Higgs Boson and Space in an Atom

[Noj Werdna]

In an atom we know that there is a large space between the particles in an atom.
Is this space supposedly filled with the higgs boson prarticle and if so how can we not have seen this particle before.
Approx. how many of this boson would that mean there would be!
Just speculation really...
:)

 

[Coin]

[[What I am about to say might be wrong, and doesn't cover the difference between virtual and on-shell particles which I don't understand very well. Please correct me if I make any mistakes...]]

What is important is to keep in mind the difference between the Higgs field and the Higgs boson.

You sometimes hear that the Higgs field permeates space. It is everywhere. It is between the spaces between electrons in atoms.

But, what is a field? A field is just a series of values, a complex number in the case of the Higgs Boson, tacked to each point in space.

On the other hand, what is a boson-- what is a particle? A particle is an excitation of a field. A particle, a boson, is a ripple in the values of the field.

The Higgs field permeates space. But it is flat. It takes the same value everywhere. The "empty space" in an atom does contain the Higgs field, but it's as far as I know it's all a flat ocean of Higgsness between the electrons.

The "Higgs Boson" we want to find is a ripple in the Higgs field. This ripple could be created in a particle accelerator collision. But the Higgs particle, the ripple, isn't something which is important in physics, I don't think, because it doesn't normally or commonly happen in nature. We want to find the Higgs particle so that we can measure various properties of the Higgs field. But it's the flat field which does all the important physics stuff.

 

[GRB 080319B]

Quote from http://en.wikipedia.org/wiki/Higgs_field#Theoretical_overview: "In essence, this (Higgs) field is analogous to a pool of molasses, that “sticks” to the otherwise massless fundamental particles which travel through the field converting into different particles with mass and form the basis of the atom."

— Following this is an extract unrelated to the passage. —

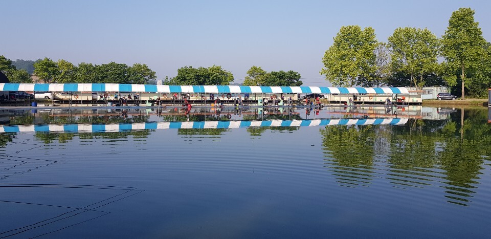 | 체험프로그램 | 낚시체험 | | 이용요금 | 잡이터 40,000원, 손맛터 20,000원 ※ 이용요금은 변동될 수 있으므로 홈페이지 참조 또는 전화 문의 요망 | | 참고사항 | 수상좌대 포함 낚시터 전 구역 숯불, 번개탄 사용 불가 | | 주요시설 | 수상좌대, 저수지, 잔교 좌대 | | 부대시설 | 식당, 매점, 휴게실, 주차장 안전시설 설비사항 : 안전보험가입, 상비약 보유 |
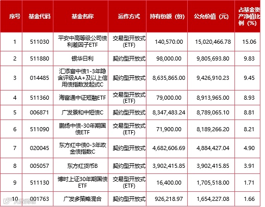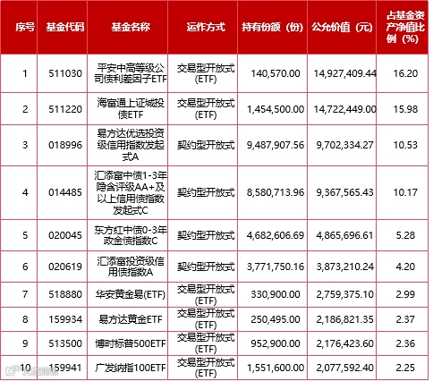 图:东方红颐和稳健养老两年FOF2025年三季度末前十大重仓基金

Quote from http://en.wikipedia.org/wiki/Force_carrier: "In the Standard Model the hypothetical Higgs boson, which is needed to account for the masses of fundamental particles, interacts via the weak interaction and Yukawa interactions but is not a force carrier."

You should check out these sites: http://encarta.msn.com/encyclopedia_761562335_3/Elementary_Particles.html#s35
http://en.wikipedia.org/wiki/Higgs_field

 

[nrqed]

[[What I am about to say might be wrong, and doesn't cover the difference between virtual and on-shell particles which I don't understand very well. Please correct me if I make any mistakes...]]

What is important is to keep in mind the difference between the Higgs field and the Higgs boson.

You sometimes hear that the Higgs field permeates space. It is everywhere. It is between the spaces between electrons in atoms.

But, what is a field? A field is just a series of values, a complex number in the case of the Higgs Boson, tacked to each point in space.

On the other hand, what is a boson-- what is a particle? A particle is an excitation of a field. A particle, a boson, is a ripple in the values of the field.

The Higgs field permeates space. But it is flat. It takes the same value everywhere. The "empty space" in an atom does contain the Higgs field, but it's as far as I know it's all a flat ocean of Higgsness between the electrons.

The "Higgs Boson" we want to find is a ripple in the Higgs field. This ripple could be created in a particle accelerator collision. But the Higgs particle, the ripple, isn't something which is important in physics, I don't think, because it doesn't normally or commonly happen in nature. We want to find the Higgs particle so that we can measure various properties of the Higgs field. But it's the flat field which does all the important physics stuff.

This is a pretty good description of the situation, IMHO.

 

[grosquet]

GRB, thanks for pointing out to me the short, but helpful Wikipedia article on the Higgs boson.
Wish other Wikipedia physics articles were as easy to read by a layman, such as myself. However, the links you provided for "Force carrier" & "encarta" apparenly no longer exist.